In all fairness, changes in lifestyle that occur as the Baby Boomers retire, or at least work less, may make it harder to avoid gaining weight. Moving from a multistory house to a single-story dwelling, opting for the elevator instead of taking the stairs, doing fewer household and outdoor chores? This amounts to using up fewer calories in the course of the day. Dependence on a car may increase even above what it was during earlier years, if they are moving to communities without easy public transportation or access to nearby shopping areas. Social interactions revolve around dinners and often lunches as well; if one wants to see friends it is usually over a restaurant table rather than on a walk. A couple with whom we are going to a local museum insisted that we make reservations at the museum restaurant for lunch, even though the alleged purpose of the trip was to see the art.

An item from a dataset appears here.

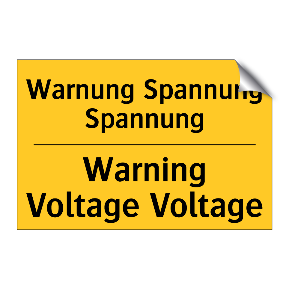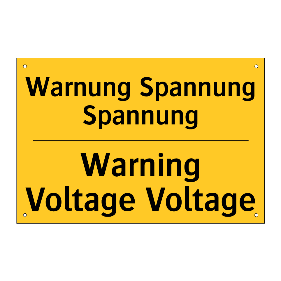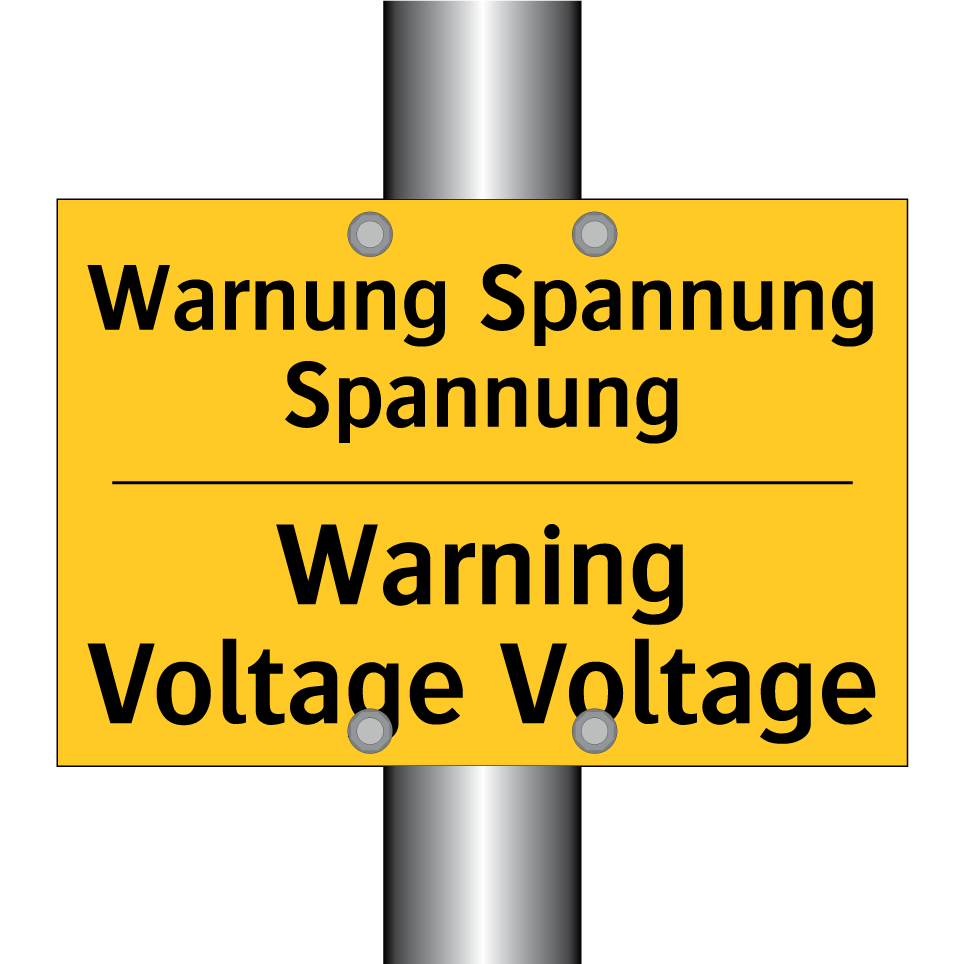 Zweisprachiges Warnschild mit deutschem Text Warnung Spannung Spannung und englischem Text Warning Voltage Voltage

Recreational sports such as skiing, tennis, and biking are often abandoned as coordination and balance deteriorate, thereby making a fear of broken bones seem too much of a risk. Health clubs are, in general, not particularly geared to those who are old enough to be parents of most of the members. Many classes are unsuitable for bodies that may have some orthopedic limitations, and standards by which to measure baseline stamina and muscle strength are rarely applicable to those over age 50.

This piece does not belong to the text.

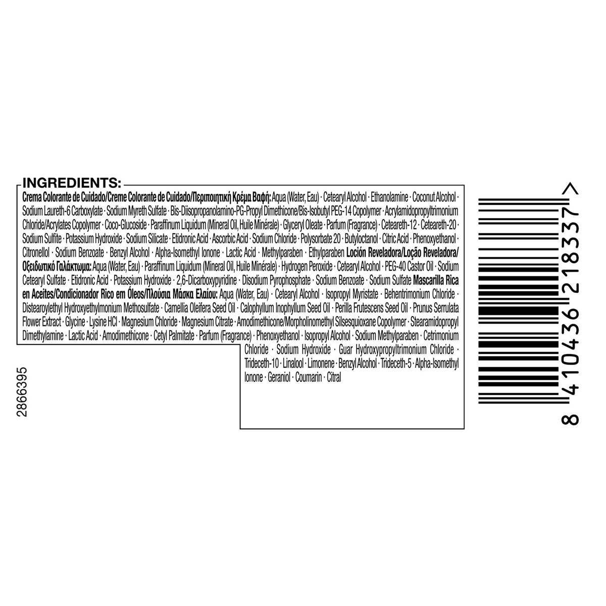 Hair Color/Toner, oxidative dyes:Aqua (Water, Eau),Cetearyl Alcohol,Ethanolamine,Coconut Alcohol,Sodium Laureth-6 Carboxylate,Sodium Myreth Sulfate,Glycine,Bis-Diisopropanolamino-PG-Propyl Dimethicone/Bis-Isobutyl PEG-14 Copolymer,Acrylamidopropyltrimonium Chloride/Acrylates Copolymer,Coco-Glucoside,Paraffinum Liquidum (Mineral Oil, Huile Minerale),Glyceryl Oleate,Parfum (Fragrance),Ceteareth-12,Ceteareth-20,Potassium Hydroxide,Sodium Sulfite,Sodium Silicate,Etidronic Acid,Ascorbic Acid,Sodium Chloride,Butyloctanol,Citric Acid,Polysorbate 20,Phenoxyethanol,Citronellol,Lactic Acid,Benzyl Alcohol,Alpha-Isomethyl Ionone,Sodium Benzoate,Methylparaben,Ethylparaben|:Aqua (Water, Eau),Cetearyl Alcohol,Quaternium-87,Propylene Glycol,Prunus Armeniaca (Apricot) Kernel Oil,Argania Spinosa Kernel Oil,Panthenol,Isopropyl Myristate,Distearoylethyl Hydroxyethylmonium Methosulfate,Citric Acid,Phenoxyethanol,Stearamidopropyl Dimethylamine,Polyquaternium-37,Ceteareth-20,Glyceryl Stearate,Sodium Methylparaben,Dicaprylyl Carbonate,Parfum (Fragrance),Hexyl Cinnamal,Benzyl Salicylate,Linalool,Lauryl Glucoside,Benzyl Alcohol,Limonene|Developer:Aqua (Water, Eau),Paraffinum Liquidum (Mineral Oil, Huile Minerale),Hydrogen Peroxide,Cetearyl Alcohol,PEG-40 Castor Oil,Sodium Cetearyl Sulfate,Etidronic Acid,Potassium Hydroxide,2,6-Dicarboxypyridine,Disodium Pyrophosphate,Sodium Benzoate,Sodium Sulfate.

Perhaps it is time for the Baby Boomers to lead the way into improving the lifestyle of those 60 and over. It is time for them to insist that restaurants serve portion sizes compatible to diners with a somewhat sedentary life rather than suitable for a construction worker. They should compel changes in menus so vegetables are included with a main course rather than being an item for which there is an extra charge. Might they able to compel food manufacturers to increase fiber content outside of a few breakfast cereals? No one expects bagels to be enriched with bran and chopped prunes, but the food wizards in the country could come up with more options than Bran flakes and Fiber One bars.

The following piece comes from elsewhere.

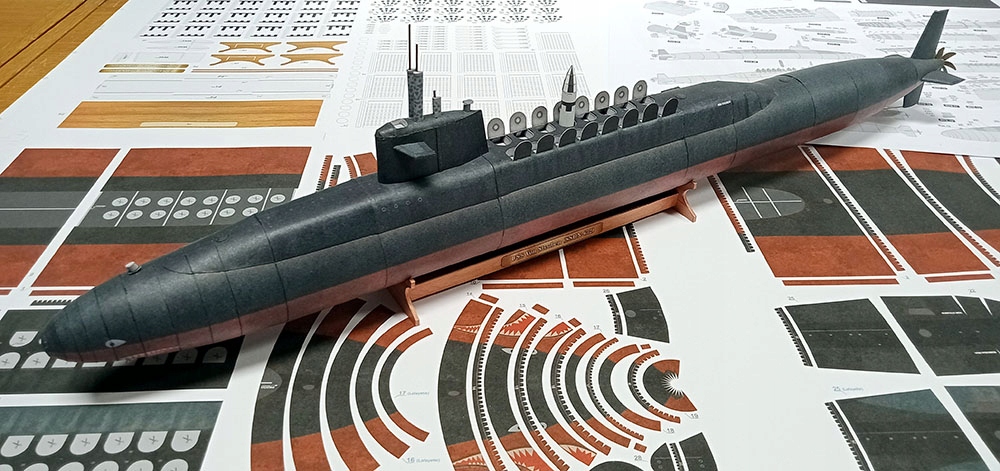 Модель в картонной упаковке № 5/2021 Американская подводная лодка USS Von Steuben/Lafayette. Одна модель может быть изготовлена из одного экземпляра в двух вариантах окраски (1- Фон Штойбен 2- Лафафет). Включает подставку для модели и 16 баллистических ракет «Поларис», которые можно разместить в открывающихся шахтах).

It seems that it is also time for this forward-looking generation to demand that health clubs start including classes with music that does not increase their already compromised hearing loss, and with movements which will not ultimately require knee replacements. They should consider turning, “Dine and Discuss” book clubs into walking discussion groups, or put pressure on golf courses to allow players to walk the course rather than ride in a cart. And why not ask towns to make indoor pools for water aerobics as common as wading pools for toddlers?

Baby Boomers must stop accepting their potential status as dumplings and do what they are best at: seizing hold of their life and making changes that will benefit their health and that of the generations to follow.